Write out each line below precisely, passing over the pictures.

> **DATASET CONTENT**

= = = =

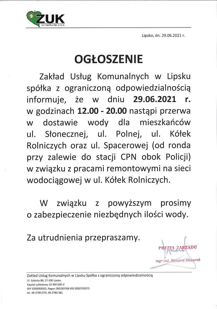 Zakład Usług Komunalnych w Lipsku spółka z ograniczoną odpowiedzialnością informuje, że w dniu 29.06.2021 r. w godzinach 12.00 - 20.00 nastąpi przerwa w dostawie wody dla mieszkańców ul. Słonecznej, ul. Polnej, ul. Kółek Rolniczych oraz ul. Spacerowej (od ronda przy zalewie do stacji CPN obok Policji) w związku z pracami remontowymi na sieci wodociągowej w ul. Kółek Rolniczych.
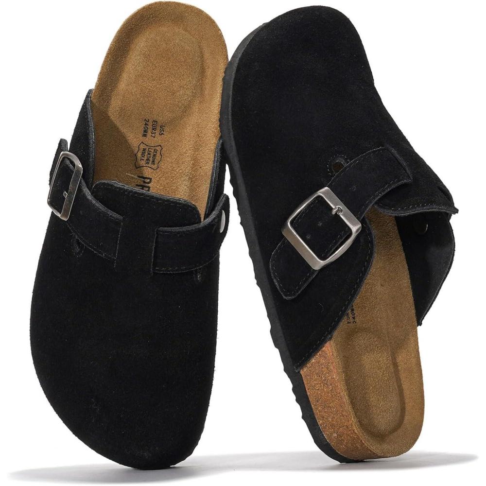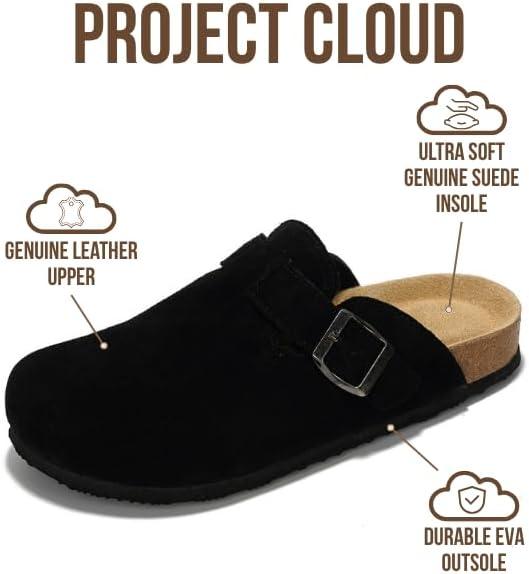 Project Cloud Genuine Leather Footbed Clogs for Women - Memory Foam Arch Support Slippers for Women - Trendy Slip-ons Women's Mules & Clogs Sandals (Benton)(Black Suede)
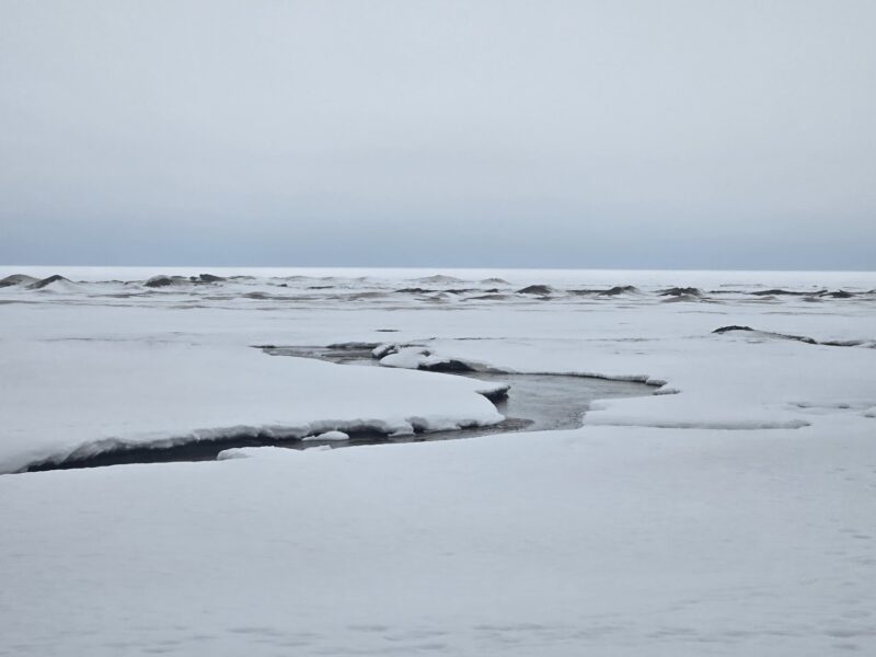 Friday, March 6th, 2026 – the stream at 57th street is making its way to the water. Georgian Bay is still frozen in the distance.

= = = =

> **FINAL ANSWER**
 Zakład Usług Komunalnych w Lipsku spółka z ograniczoną odpowiedzialnością informuje, że w dniu 29.06.2021 r. w godzinach 12.00 - 20.00 nastąpi przerwa w dostawie wody dla mieszkańców ul. Słonecznej, ul. Polnej, ul. Kółek Rolniczych oraz ul. Spacerowej (od ronda przy zalewie do stacji CPN obok Policji) w związku z pracami remontowymi na sieci wodociągowej w ul. Kółek Rolniczych.
 Project Cloud Genuine Leather Footbed Clogs for Women - Memory Foam Arch Support Slippers for Women - Trendy Slip-ons Women's Mules & Clogs Sandals (Benton)(Black Suede)
 Friday, March 6th, 2026 – the stream at 57th street is making its way to the water. Georgian Bay is still frozen in the distance.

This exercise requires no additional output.